Stored data:
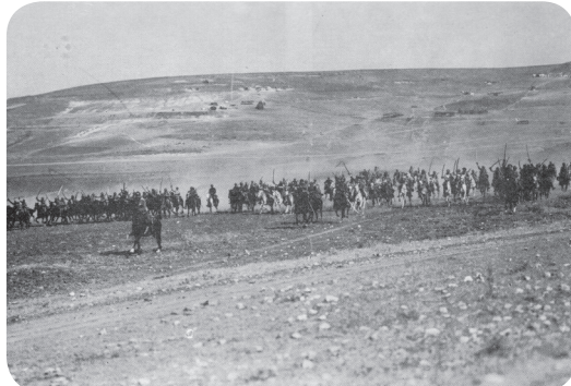
17. Útok srbské jízdní divize při pronásledování bulharské armády po průlomu Soluňské fronty.

O tom, jak vypadal běžný zákopový život, si můžeme udělat představu ze vzpomínek českých účastníků soluňské fronty:
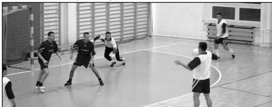
Fragment meczu finałowego.

1. „Orlicz” Suchedniów 2. „Lubrzanka” Kajetanów 3. „Orlęta” Kielce 4. „Piast” Chęciny

What is required:
Exclude every picture and restate the listing word for word.

Task solution:
17. Útok srbské jízdní divize při pronásledování bulharské armády po průlomu Soluňské fronty.

O tom, jak vypadal běžný zákopový život, si můžeme udělat představu ze vzpomínek českých účastníků soluňské fronty:
Fragment meczu finałowego.

1. „Orlicz” Suchedniów 2. „Lubrzanka” Kajetanów 3. „Orlęta” Kielce 4. „Piast” Chęciny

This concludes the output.